After reading your comment, I find this phenomenon very interesting, so I try it just now and find that the output logits of the draft model and target model are indeed inconsistent. However, as long as the seed is consistent, the results will be the same every time. Therefore, I feel that this may be an error(bug) in hardware or code implementation, but the error is very small. I implement it as follows:

image

feifeibear commented 3 months ago

Thank you both for your careful observation; these details are very helpful.

I suggest whether it is possible to change the comparison of two float values with '==' to the diff of them less than a certain number, for example 1e-6?

66RING commented 3 months ago

Thank you both for your careful observation; these details are very helpful.

I suggest whether it is possible to change the comparison of two float values with '==' to the diff of them less than a certain number, for example 1e-6?

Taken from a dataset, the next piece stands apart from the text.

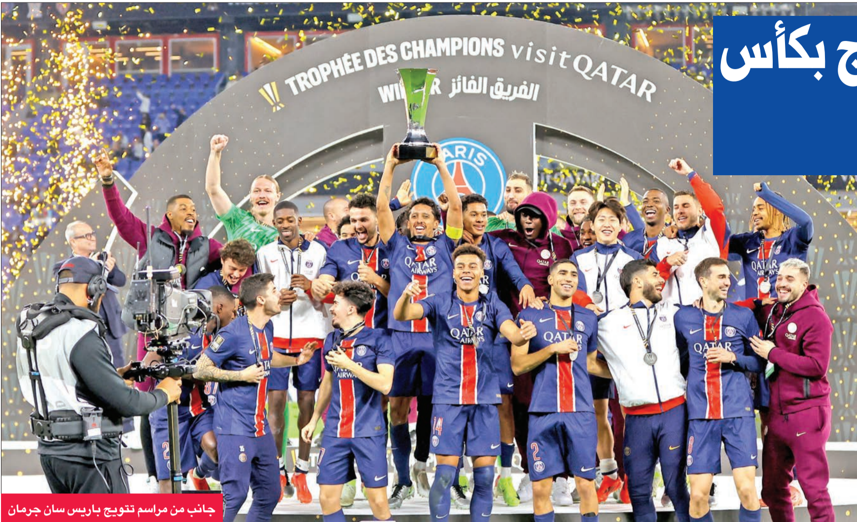
جانب من مراسم تتويج باريس سان جرمان

توج فريق باريس سان جرمان بلقب النسخة 48 من كأس السوبر الفرنسي لكرة القدم، بعد الفوز بهدف على منافسه موناكو مساء الأحد في العاصمة القطرية الدوحة.

that was a straightforward solution and I change == to torch.allclose, which have a default diff of 1e-05+-1e-08, the unexpected reject still happen.

def allclose(input: Tensor, other: Tensor, rtol: _float = 1e-05, atol: _float = 1e-08, equal_nan: _bool = False) -> _bool: ...
haiduo commented 3 months ago

Thank you both for your careful observation; these details are very helpful. I suggest whether it is possible to change the comparison of two float values with '==' to the diff of them less than a certain number, for example 1e-6?

that was a straightforward solution and I change == to torch.allclose, which have a default diff of 1e-05+-1e-08, the unexpected reject still happen.

def allclose(input: Tensor, other: Tensor, rtol: _float = 1e-05, atol: _float = 1e-08, equal_nan: _bool = False) -> _bool: ...

try it with "atol= 1e-03"? I think this is a hardware error.